• _Exercise aim_
Only the stretch of the listing below that runs from the line with "法会举行的第二天,也就是22日下午15时左右,德庆格桑颇彰上空突现五彩日轮。" through the line with "Meghan was seen, understandably, wiping" is to be printed, exactly and with both ends.

• _Data to process_
________

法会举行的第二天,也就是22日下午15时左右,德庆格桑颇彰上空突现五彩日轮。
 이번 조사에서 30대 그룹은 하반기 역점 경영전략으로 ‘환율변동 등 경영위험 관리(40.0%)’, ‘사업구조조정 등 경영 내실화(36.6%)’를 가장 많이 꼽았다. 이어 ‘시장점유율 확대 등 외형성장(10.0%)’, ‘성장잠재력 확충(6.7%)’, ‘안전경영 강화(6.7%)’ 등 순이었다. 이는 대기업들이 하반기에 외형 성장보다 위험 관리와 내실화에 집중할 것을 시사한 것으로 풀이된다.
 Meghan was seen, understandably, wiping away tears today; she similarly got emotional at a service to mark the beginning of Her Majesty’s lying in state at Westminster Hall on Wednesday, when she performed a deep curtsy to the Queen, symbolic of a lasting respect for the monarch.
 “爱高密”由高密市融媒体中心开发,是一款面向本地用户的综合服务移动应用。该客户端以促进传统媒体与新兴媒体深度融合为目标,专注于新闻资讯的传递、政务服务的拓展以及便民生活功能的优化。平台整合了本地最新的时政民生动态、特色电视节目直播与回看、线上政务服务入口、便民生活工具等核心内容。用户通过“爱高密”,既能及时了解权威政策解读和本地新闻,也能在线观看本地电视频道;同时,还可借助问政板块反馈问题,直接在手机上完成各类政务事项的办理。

________

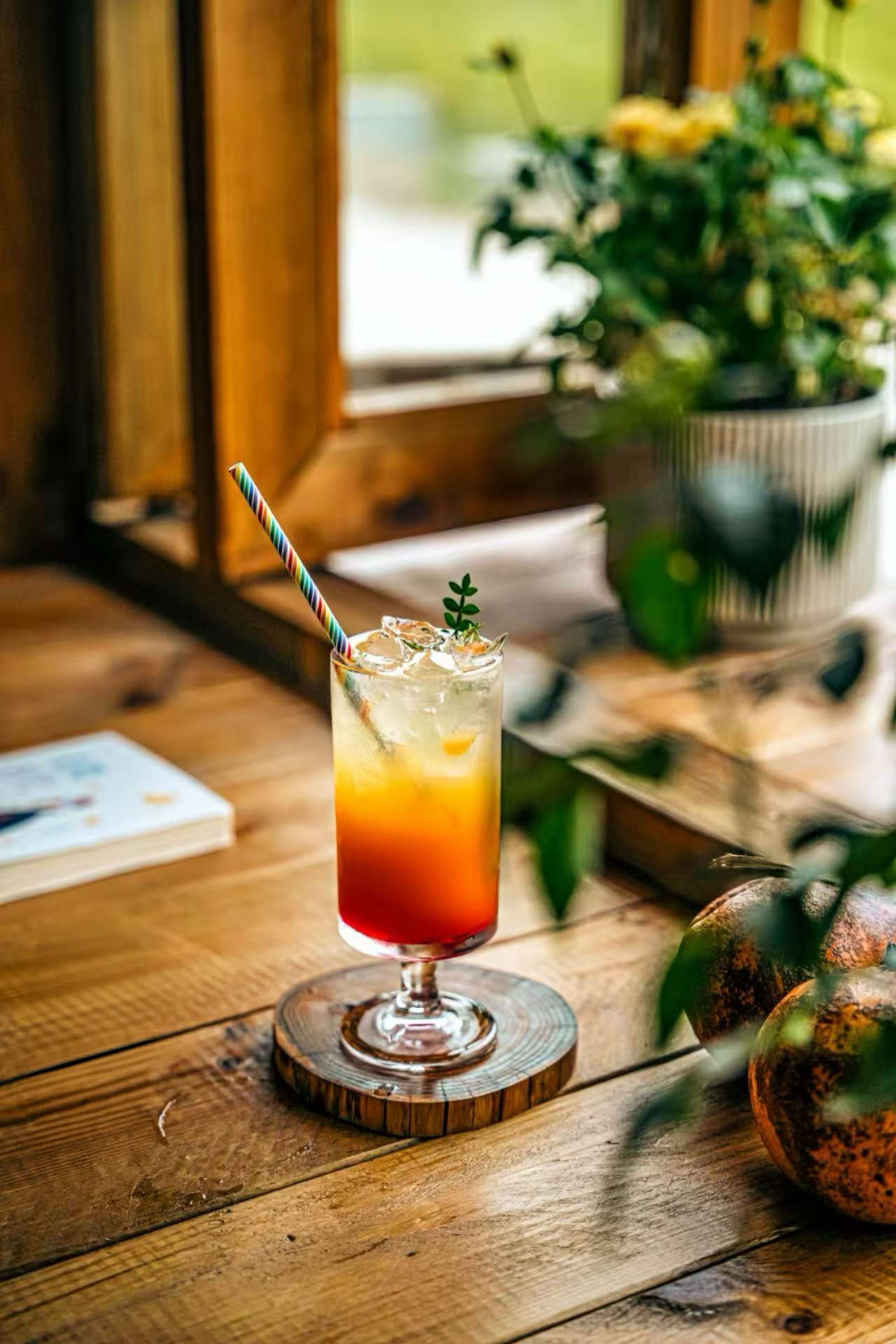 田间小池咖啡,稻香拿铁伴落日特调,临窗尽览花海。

________

• _Answer section_
法会举行的第二天,也就是22日下午15时左右,德庆格桑颇彰上空突现五彩日轮。
 이번 조사에서 30대 그룹은 하반기 역점 경영전략으로 ‘환율변동 등 경영위험 관리(40.0%)’, ‘사업구조조정 등 경영 내실화(36.6%)’를 가장 많이 꼽았다. 이어 ‘시장점유율 확대 등 외형성장(10.0%)’, ‘성장잠재력 확충(6.7%)’, ‘안전경영 강화(6.7%)’ 등 순이었다. 이는 대기업들이 하반기에 외형 성장보다 위험 관리와 내실화에 집중할 것을 시사한 것으로 풀이된다.
 Meghan was seen, understandably, wiping away tears today; she similarly got emotional at a service to mark the beginning of Her Majesty’s lying in state at Westminster Hall on Wednesday, when she performed a deep curtsy to the Queen, symbolic of a lasting respect for the monarch.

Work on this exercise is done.